Your instructions >> Task for the records below: copy exactly from the first line on, stopping once the line with "后来,记者采访了英达,让他谈" is copied, and leave out the pictures.

Recorded data >>
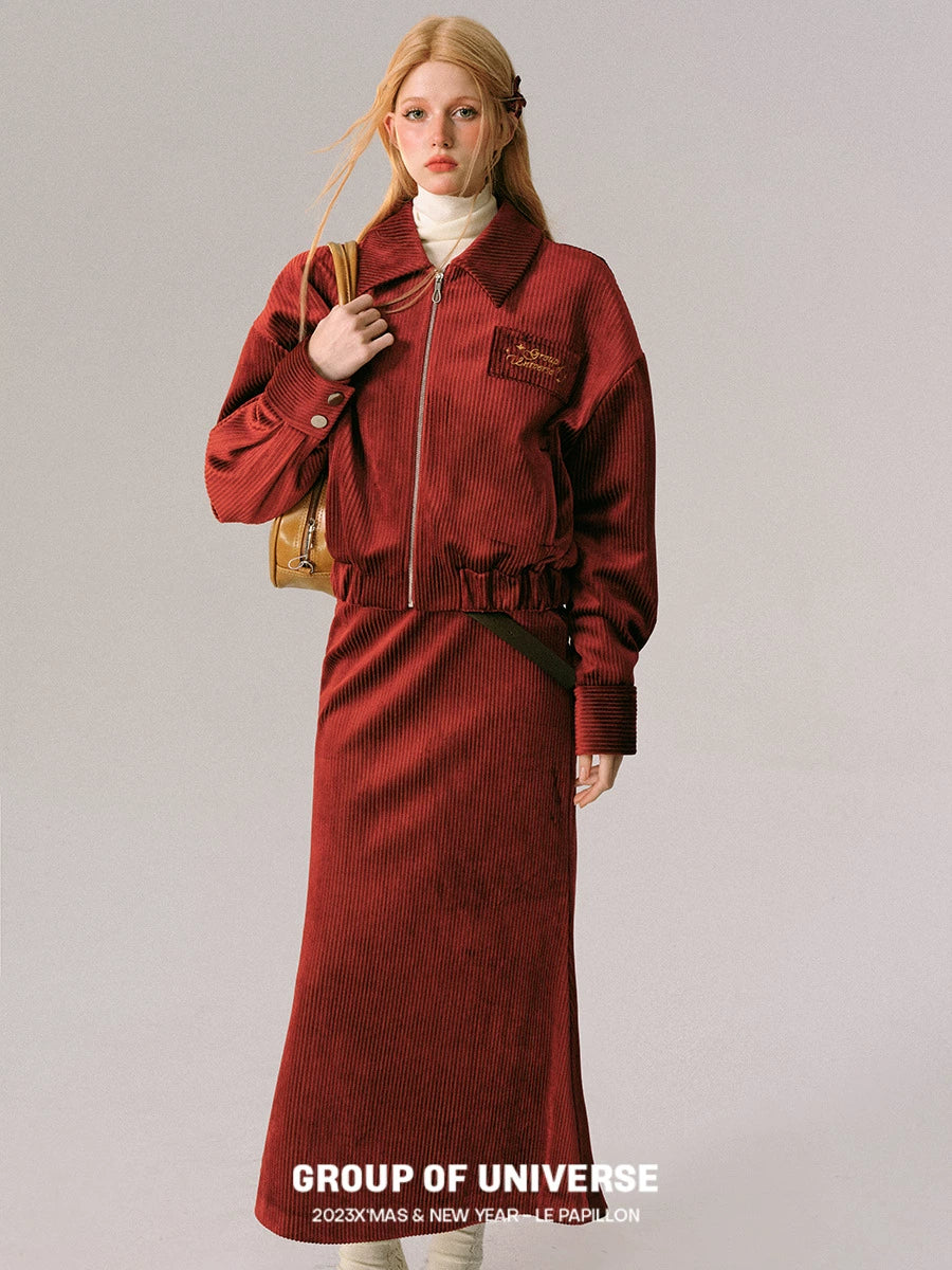 Velvet Zipper Jacket & Pleated Short Skirt & Mermaid Skirt Setup NA5913
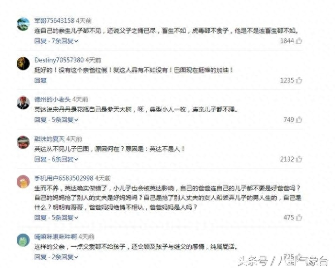 后来,记者采访了英达,让他谈谈此事,结果赢得却说:“我如果和大儿子见面,是怕伤害他和他继父的感情,产生不好的效果。所以这些年就不见。”而之前接受采访,英达还说:不知道自己的小儿子能不能愿意和另一个孩子分享父爱,所以不能对巴图和对小儿子一样好。还说出“与巴图的父子缘分就这么长”的狠话。如此说辞,真是强词夺理,所以这段话也让大众对英达非常不满,纷纷批评他没人性。
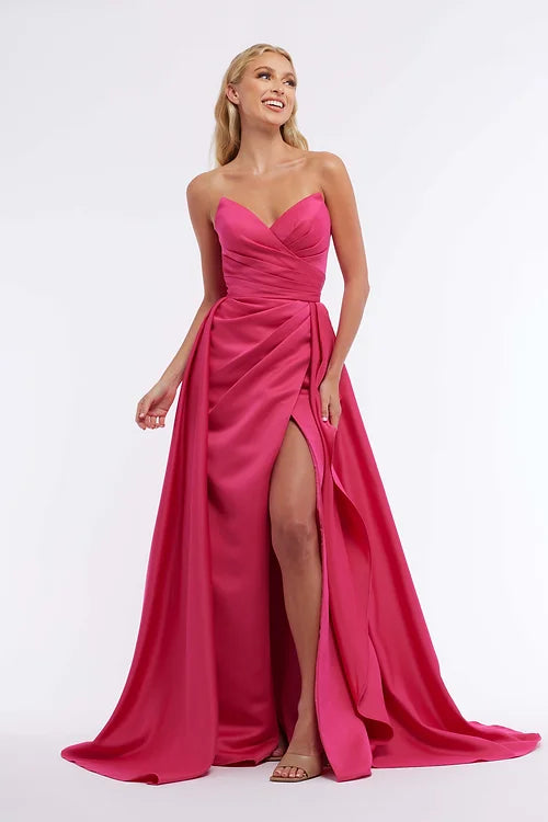 Be the belle of the ball in our Vienna 7898 gown! The fuchsia strapless fit and flare design will accentuate your curves, while the overskirt adds a touch of elegance. Stand out in this stunning gown at your next special occasion.
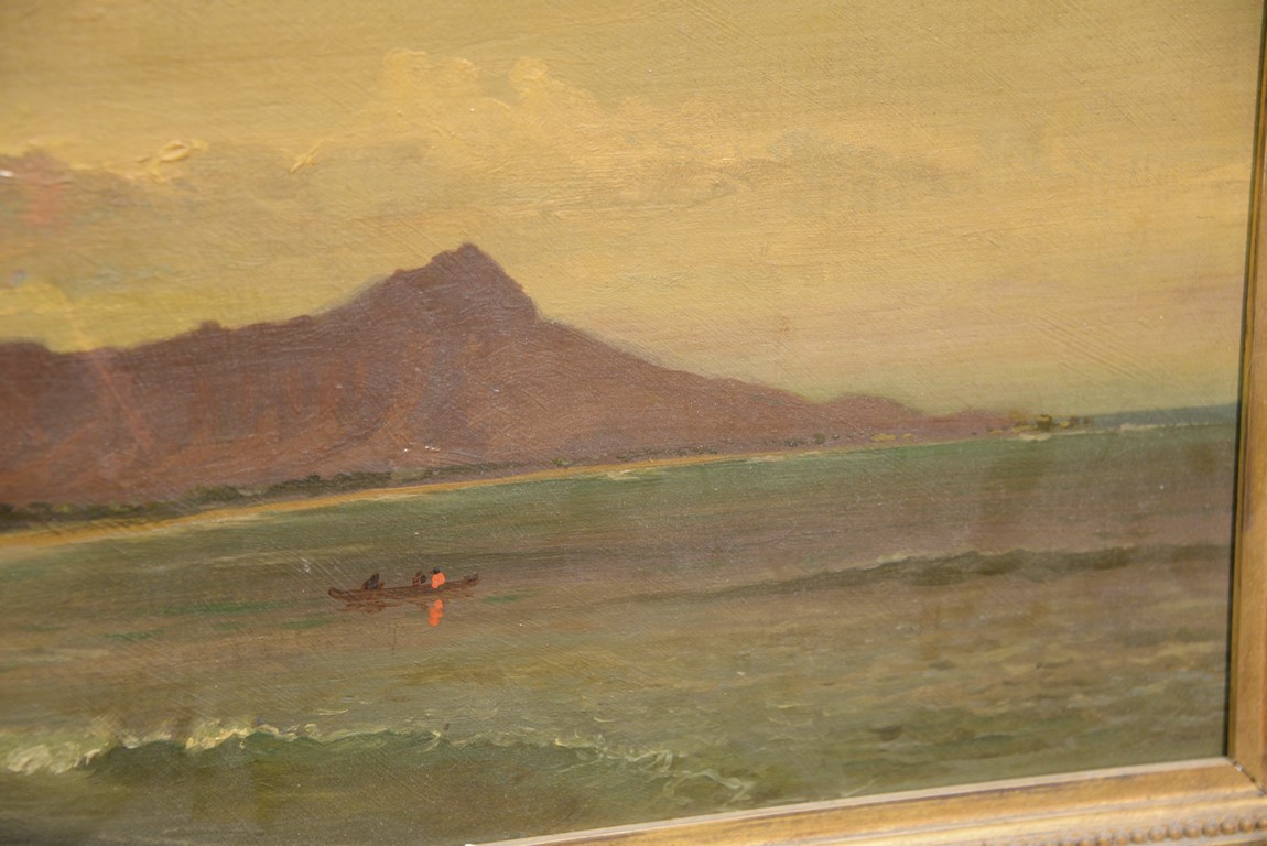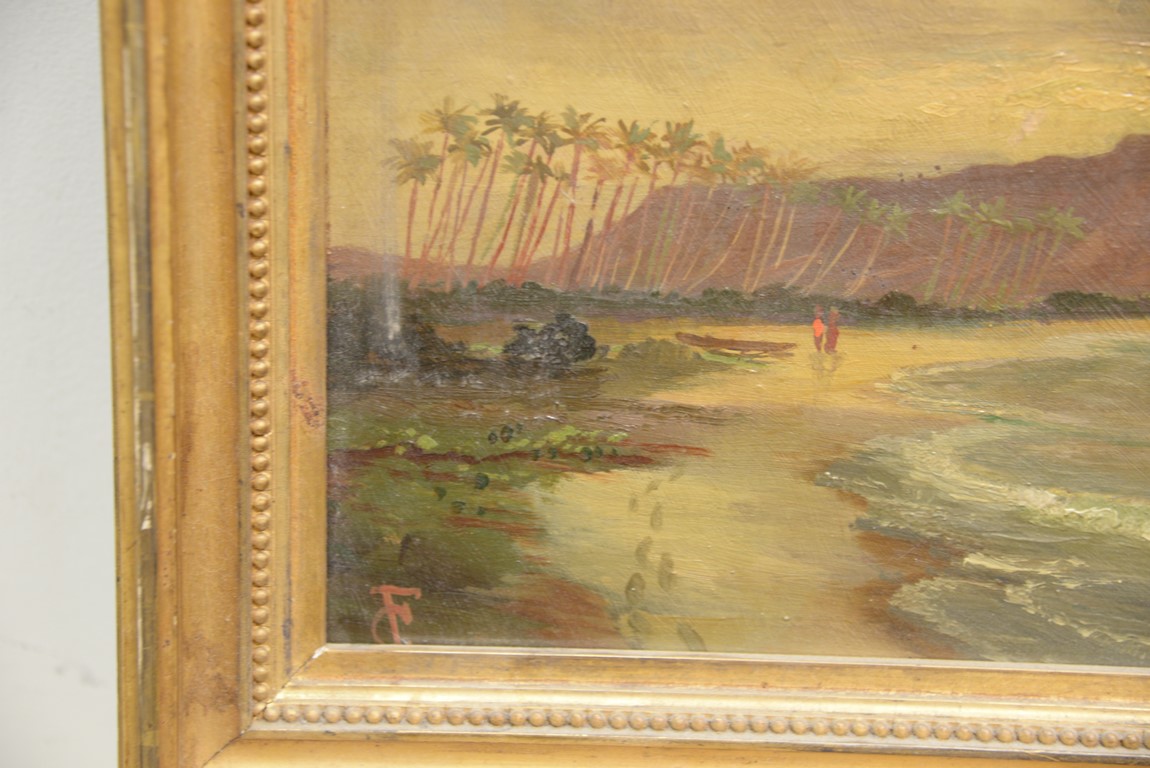 Frank Chamberlin Diamond Cove, Hawaii Waikiki Beach oil on panel initialed lower left: C.F. 11 3/4 x 20
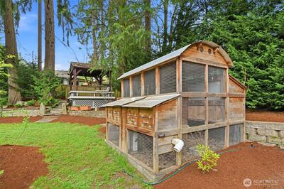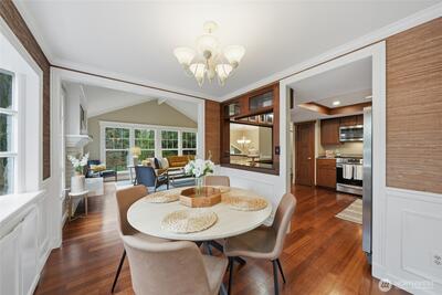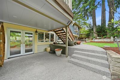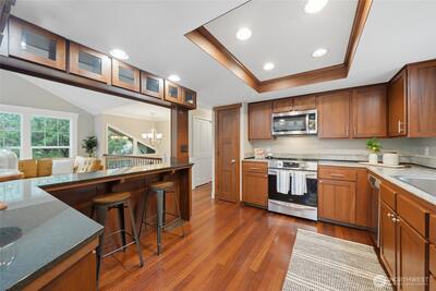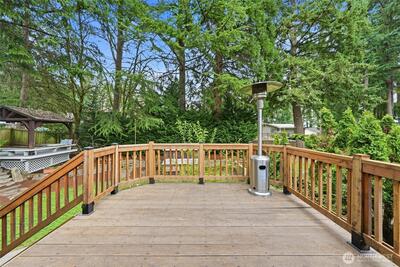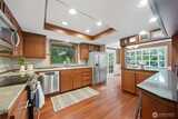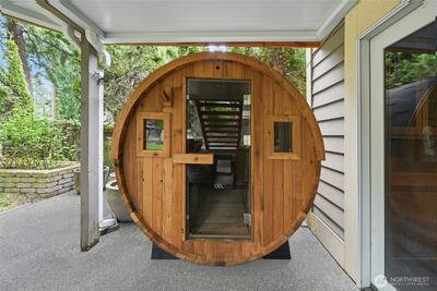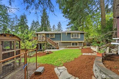 Charming Education Hill split-level in the heart of Redmond, rich with character, warmth, and timeless craftsmanship throughout. The inviting kitchen features granite countertops, stainless steel appliances, convection oven and a newly installed oversized sink with thoughtful pass-throughs to the dining and living areas. The result is a bright, connected feel that still maintains defined spaces. Upstairs showcases gorgeous hardwood floors and detailed millwork, including crown molding and chair rails, adding timeless appeal. Recent updates include new attic insulation (2019), heat pump with A/C (2021), new water heater (2026), and fresh interior paint throughout (2026). Step outside to a private backyard retreat with raised garden beds and mature fruit trees, including fig, apple, and plum. Multiple outdoor living spaces — from the detached covered pavilion to the outdoor sauna (2025) — perfect for year-round Pacific Northwest entertaining. The yard also features a thoughtful

Result for this exercise >>
 Velvet Zipper Jacket & Pleated Short Skirt & Mermaid Skirt Setup NA5913
 后来,记者采访了英达,让他谈谈此事,结果赢得却说:“我如果和大儿子见面,是怕伤害他和他继父的感情,产生不好的效果。所以这些年就不见。”而之前接受采访,英达还说:不知道自己的小儿子能不能愿意和另一个孩子分享父爱,所以不能对巴图和对小儿子一样好。还说出“与巴图的父子缘分就这么长”的狠话。如此说辞,真是强词夺理,所以这段话也让大众对英达非常不满,纷纷批评他没人性。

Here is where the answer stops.